§ Your task:
Setting pictures aside, output exactly the lines from the start of the records to the line with "color ナチュラル、オフホワイト、アイボリー、ベージュ、ブラウン、素材 コットン、ウール、made", that line included.

(Items from a data source)
== Segment start ==
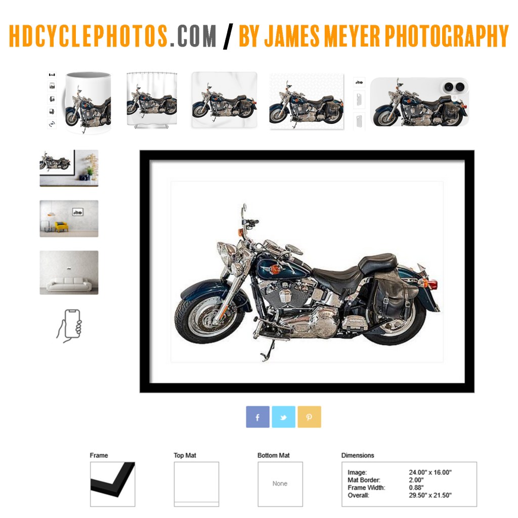4 digital downloads highlighting 3 different views of the motorcycle plus a 11×14 side view Hero print & the Store merchandise link
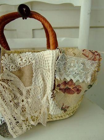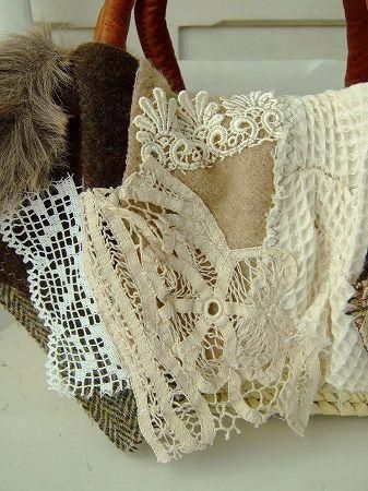 color ナチュラル、オフホワイト、アイボリー、ベージュ、ブラウン、素材 コットン、ウール、made in JAPAN、size (カゴバッグ)幅37cm、高さ17cm、(底25×17cm)、※こちらの製品は手刺繍、手編み、デッドストックのハンカチやクロスを使用したリメイク商品です。多少の傷や汚れはご了承下さいませ。
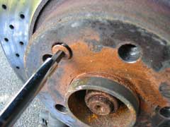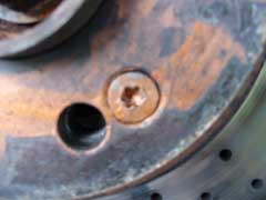 Time to remove the old solid disc to make way for a bigger vented version. You should have two retaining screws holding the disc on. Ours where star shaped heads. You may again find these stiff and they may take some effort to remove.
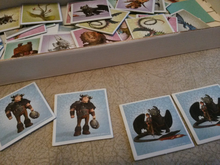 Илюха у меня большой фанат мультфильма Как приручить дракона. Леночка нам мемори с героями этого мультфильма подарила) Сплошной восторг)))))))
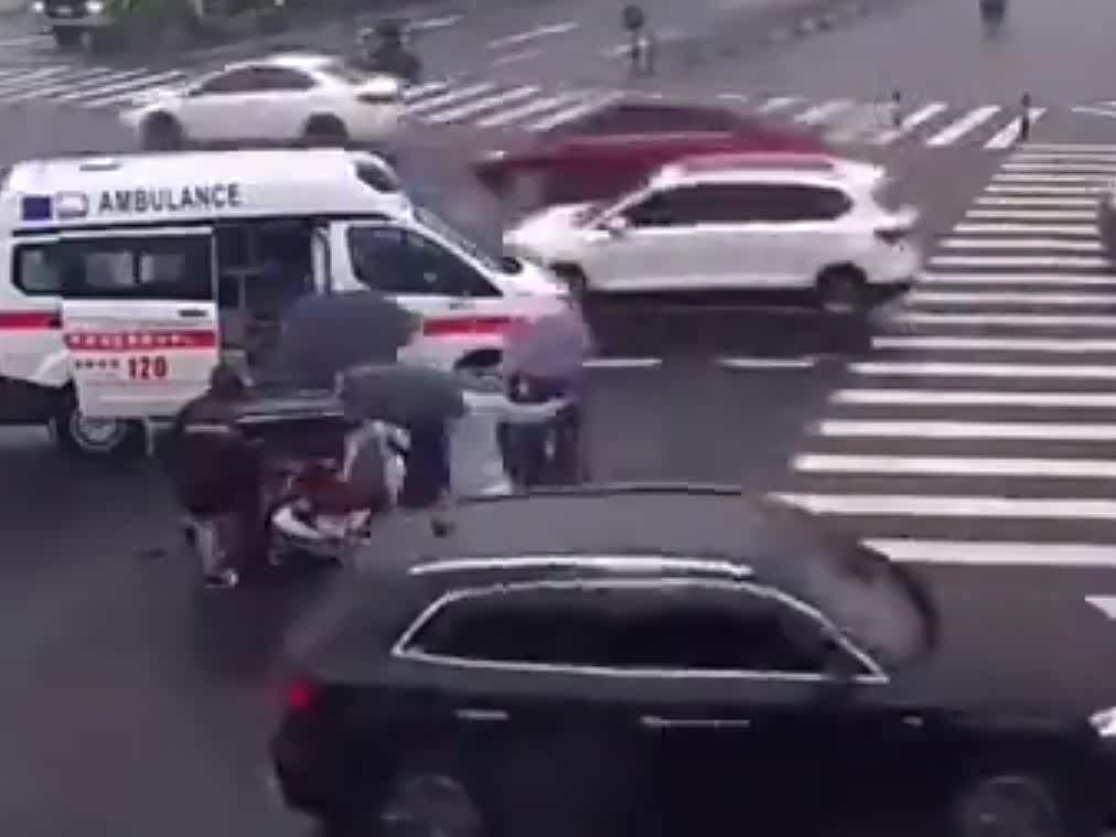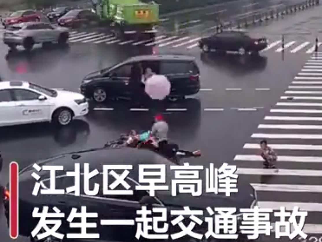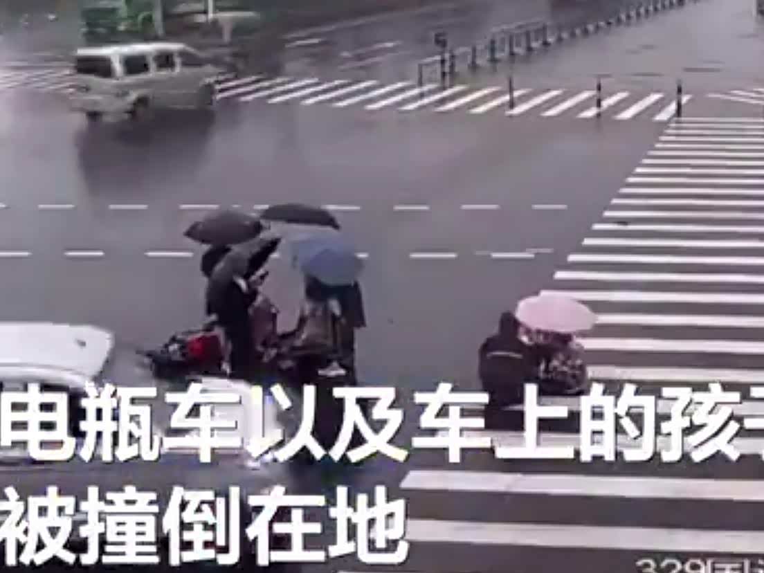 暖心一幕!电瓶车被撞倒市民雨中撑伞守护伤者
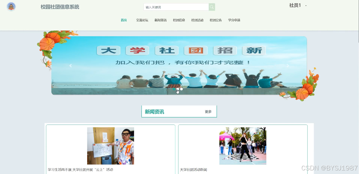 (2)查看校园社团信息管理系统的首页信息:校园社团信息管理系统的首页信息首页、交流论坛、新闻资讯、社团信息、社团活动、社团公告、学分申请、我的账户、个人中心等。
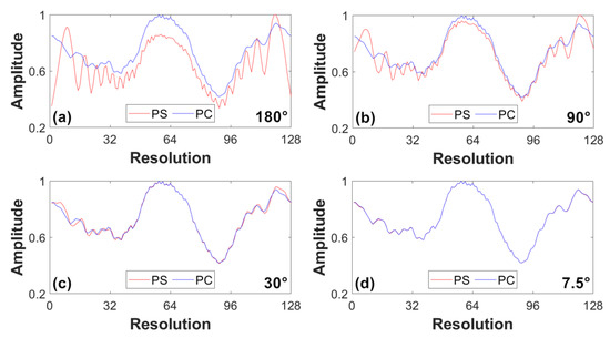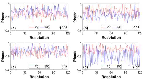 Based on the error analysis in Section 2.4, we measured the error in both amplitude and phase between the diffraction distributions calculated by PS and PC methods. For each result, we accumulated and normalized the elements of the amplitude and phase matrix in columns as shown in Equation (12):
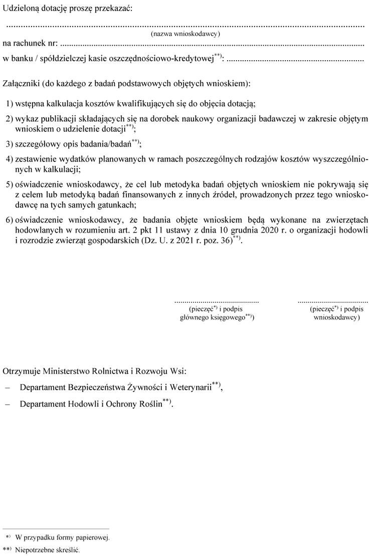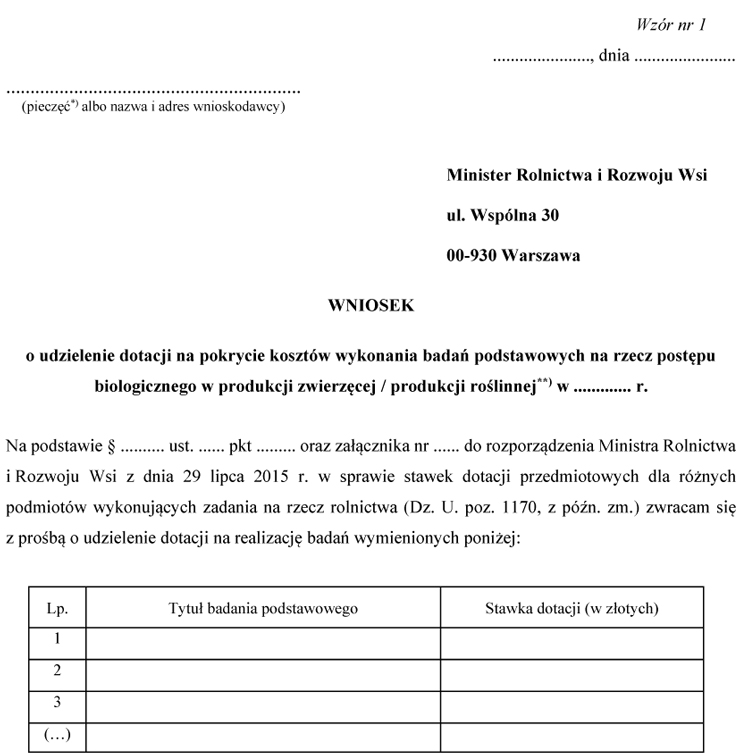 WZÓR - WNIOSEK O UDZIELENIE DOTACJI NA POKRYCIE KOSZTÓW WYKONANIA BADAŃ PODSTAWOWYCH NA RZECZ POSTĘPU BIOLOGICZNEGO W PRODUKCJI ZWIERZĘCEJ / PRODUKCJI ROŚLINNEJ
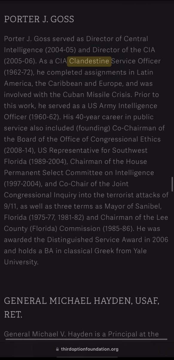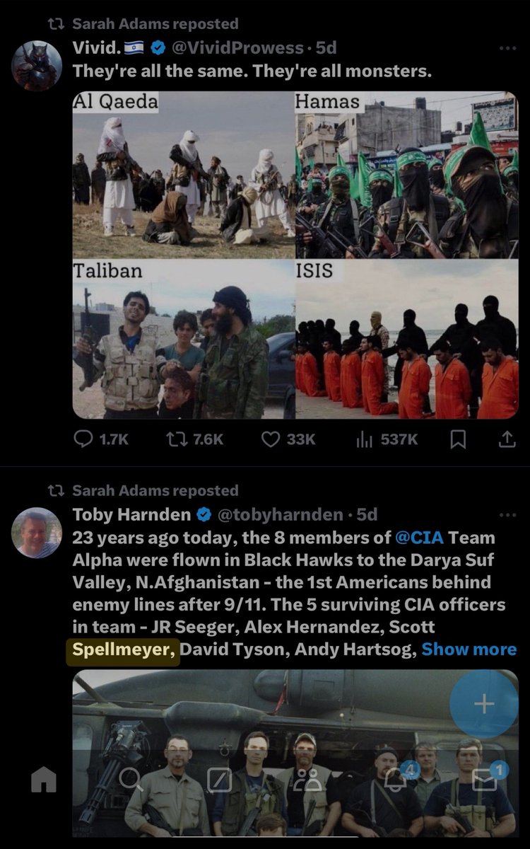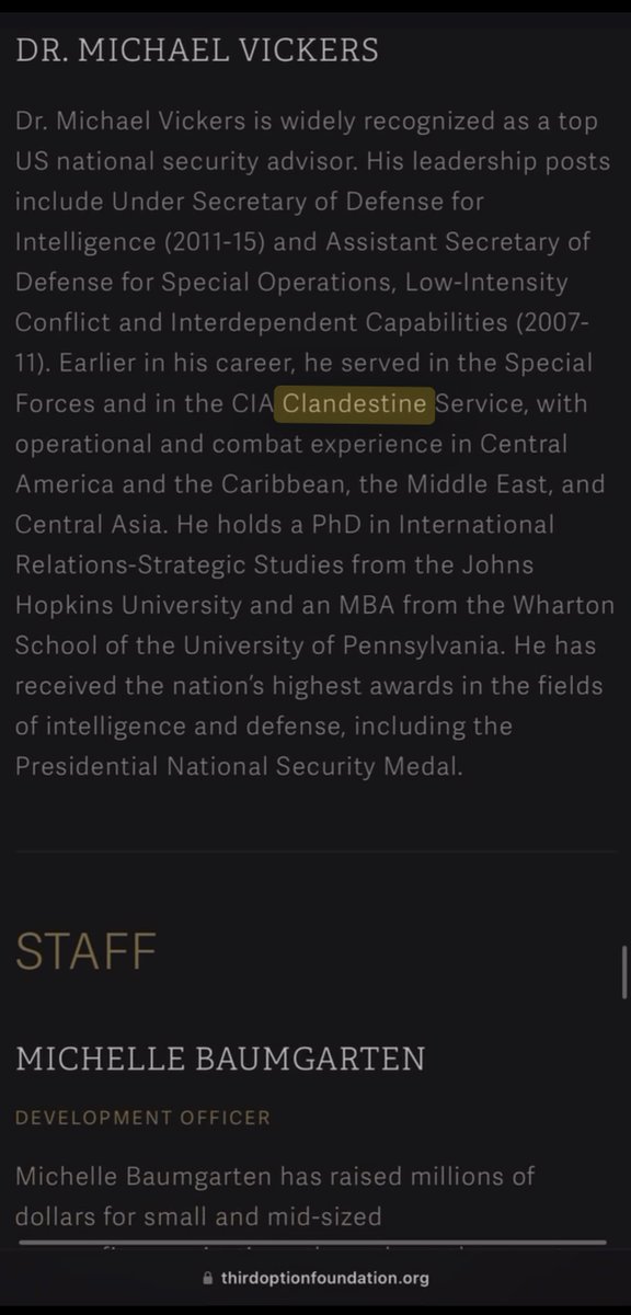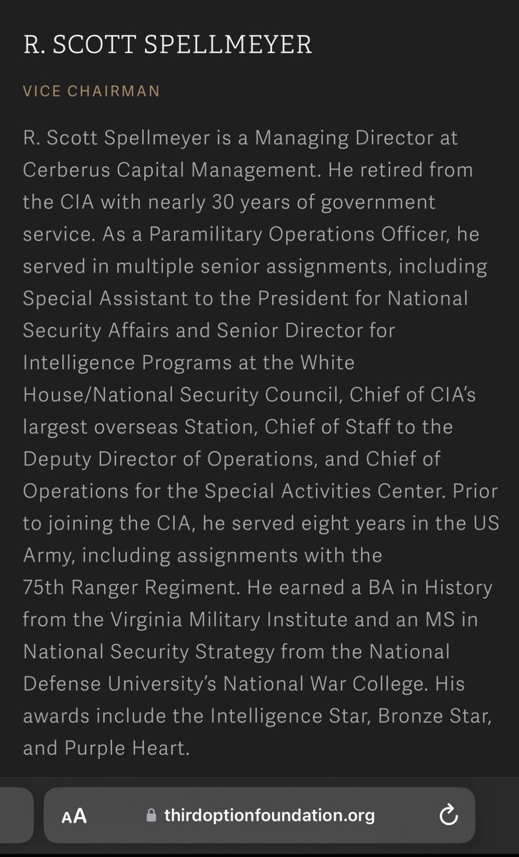 I should probably correct myself… that’s Scott Spellmeyer, who is VICE CHAIRMAN of Third Option Foundation, a MANAGING DIRECTOR of Cerberus Capital Management and Chief of Operations of the CIA Special Activities Center. Working right alongside his Third Option Foundation buddies like Porter Goss and Mossad-asset CIA traitor, Michael Vickers. Also lol at “Sara Adams reposted”.
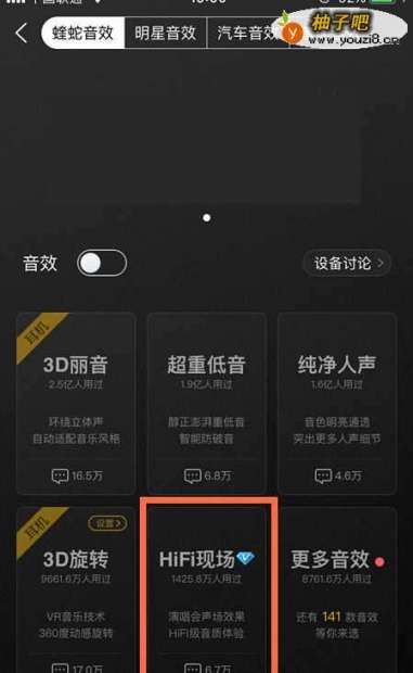 8也能找到HiFi音效,此处的HiFi现场就是接近现场原声的意思。
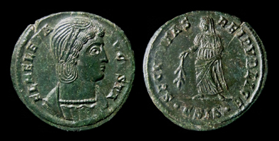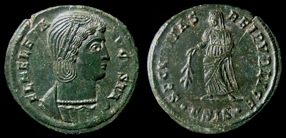 AE Follis Münzstätte Siscia, 3. Offizine, von 326/327 Vs.: FL HELENA AVGVSTA Büste n. r., drapiert, mit Diadem Rs.: SECVRITAS REI PVBLICE / . Gamma SIS . Securitas steht n. l. mit Zweig
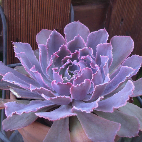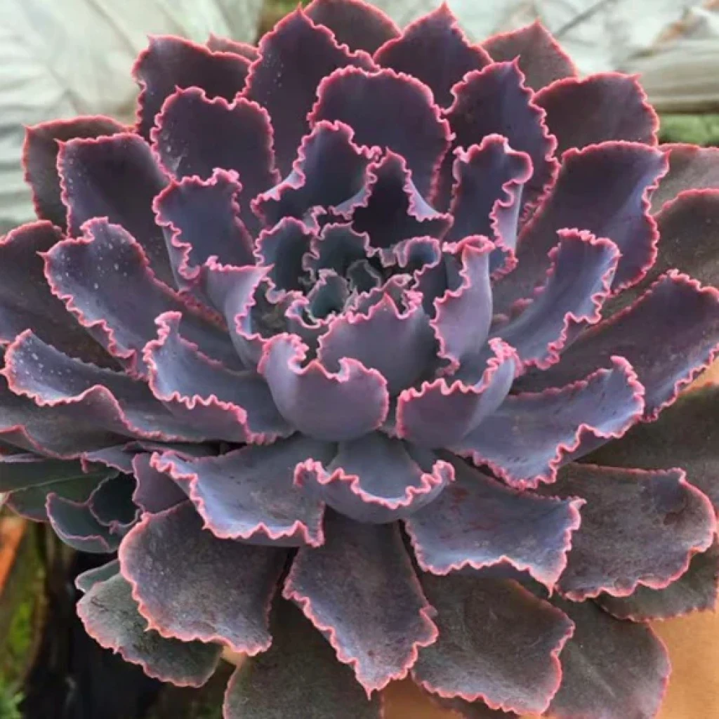Echeveria ‘Neon Breakers’, dalgalı ve kıvrımlı yaprak kenarlarıyla ayırt edilen, gösterişli ve koleksiyon değeri yüksek bir kültivardır. Melezlendiği Echeveria türleri bilinmemektedir. Geniş çaplı, katmanlı ve oldukça yoğun bir rozet formu oluşturur. Olgun bireylerde rozet yapısı merkezden dışa doğru belirgin bir spiral düzen sergiler. Yapraklar üst üste binen katmanlar halinde dizildiği için bitki hacimli ve dolgun bir görünüm kazanır. Zamanla dipten yeni sürgünler oluşturarak kümelenebilir, ancak genellikle tek ve güçlü bir ana rozet ön plandadır. Bu kültivarın en dikkat çekici özelliği yaprak kenarlarındaki kıvrımlı ve fırfırlı yapıdır. Yapraklar kalın, geniş ve etlidir. Kenarlar belirgin biçimde dalgalıdır ve güçlü ışık altında neon pembe ya da fuşya tonlarında bir çerçeve oluşturur. Yaprak yüzeyinde ince bir farina tabakası bulunur; bu mat kaplama gri–lila, mor ve açık mavi tonlarını yumuşatır. Serin geceler ve yüksek ışık, pembe kenar hattının daha canlı ve kontrastlı görünmesini sağlar. Işık yetersiz olduğunda hem dalgalı yapı daha gevşek görünür hem de renkler daha soluk hale gelir.
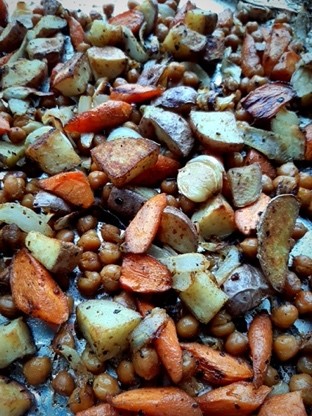 - Mix harissa mixture with vegetables, garlic cloves and chickpeas and spread in a single layer on prepared baking sheet.
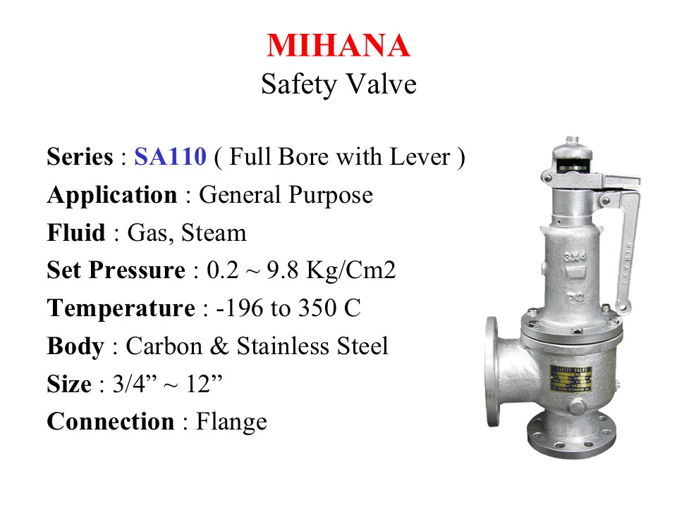 Mihana Seisakusho is one of Japanese top maker of Safety Relief Valve for General and Process use. Cover wide range of Materials, Pressure Rating, Size & Connection.
== Segment end ==
§ Completed exercise:
4 digital downloads highlighting 3 different views of the motorcycle plus a 11×14 side view Hero print & the Store merchandise link
 color ナチュラル、オフホワイト、アイボリー、ベージュ、ブラウン、素材 コットン、ウール、made in JAPAN、size (カゴバッグ)幅37cm、高さ17cm、(底25×17cm)、※こちらの製品は手刺繍、手編み、デッドストックのハンカチやクロスを使用したリメイク商品です。多少の傷や汚れはご了承下さいませ。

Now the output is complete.